*Aim of the exercise*:
Among the lines of the listing below, retype exactly those from the one containing "Карточная игра для" through the one containing "Каталог запасных частей", both included. Do not include pictures.

*Data shown*:
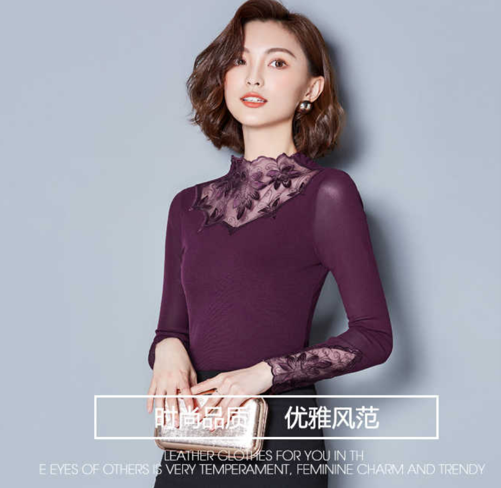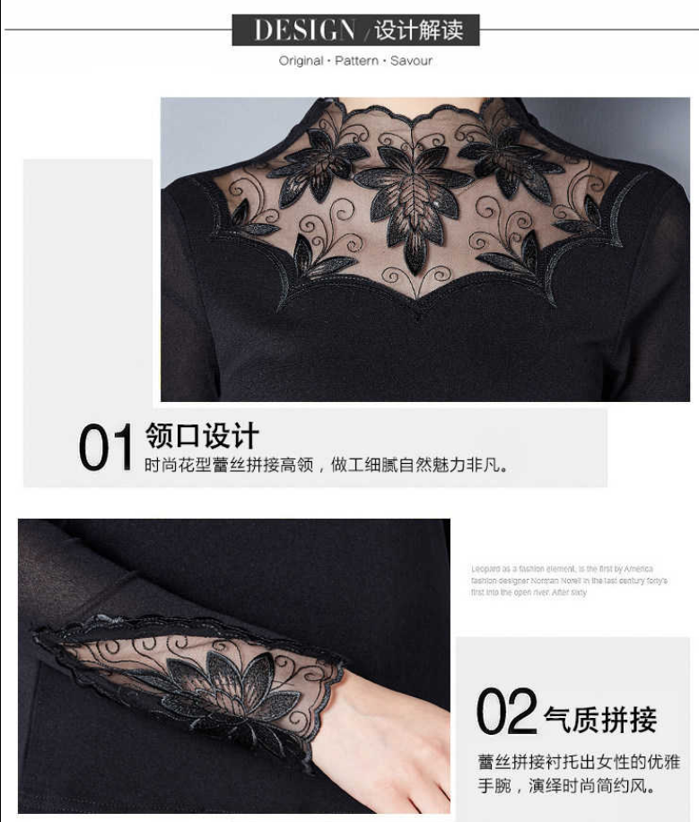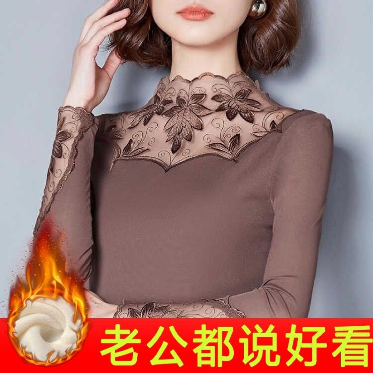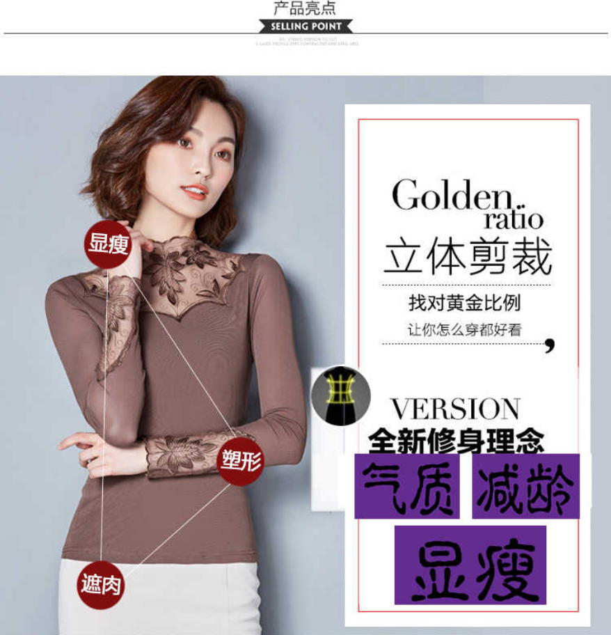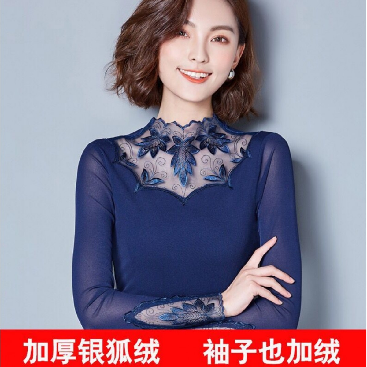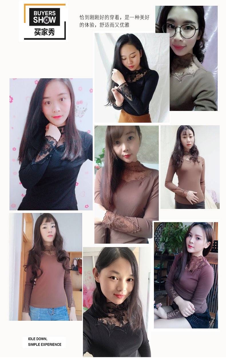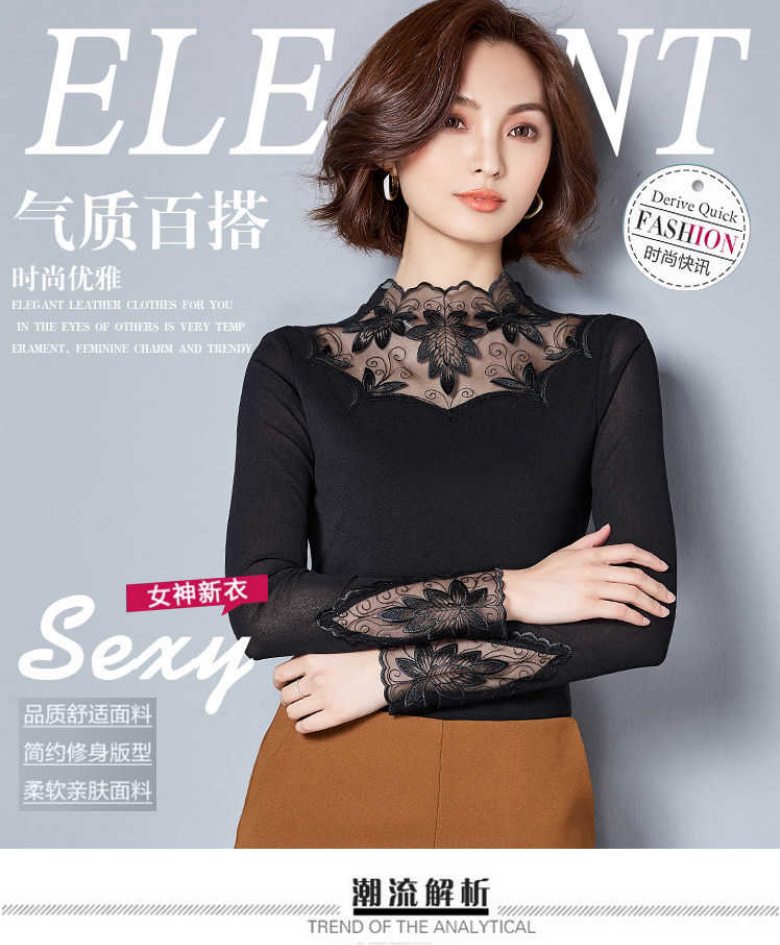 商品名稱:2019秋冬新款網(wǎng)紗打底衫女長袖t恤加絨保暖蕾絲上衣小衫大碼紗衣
--
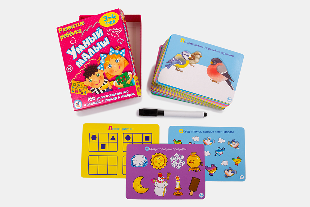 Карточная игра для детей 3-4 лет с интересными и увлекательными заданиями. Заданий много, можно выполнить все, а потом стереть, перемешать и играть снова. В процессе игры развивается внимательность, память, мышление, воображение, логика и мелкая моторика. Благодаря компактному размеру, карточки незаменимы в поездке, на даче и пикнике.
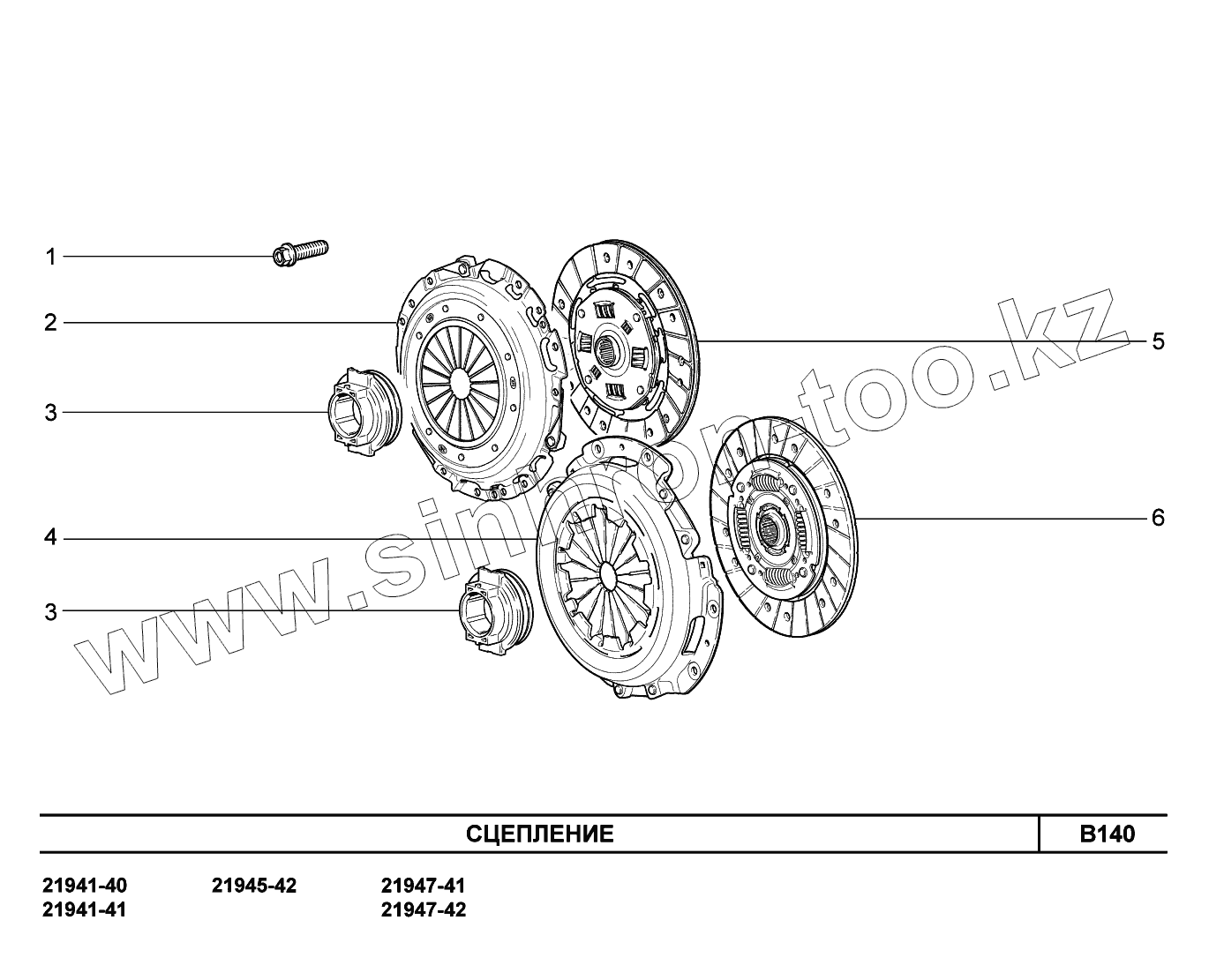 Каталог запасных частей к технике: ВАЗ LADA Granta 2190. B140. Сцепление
==
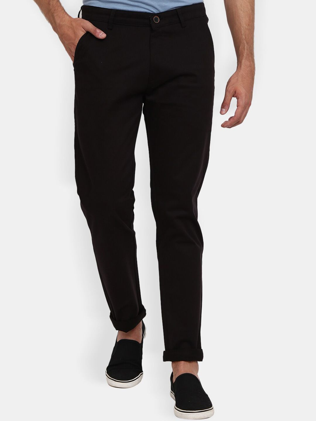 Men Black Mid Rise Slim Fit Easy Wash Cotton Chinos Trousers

*Written answer*:
 Карточная игра для детей 3-4 лет с интересными и увлекательными заданиями. Заданий много, можно выполнить все, а потом стереть, перемешать и играть снова. В процессе игры развивается внимательность, память, мышление, воображение, логика и мелкая моторика. Благодаря компактному размеру, карточки незаменимы в поездке, на даче и пикнике.
 Каталог запасных частей к технике: ВАЗ LADA Granta 2190. B140. Сцепление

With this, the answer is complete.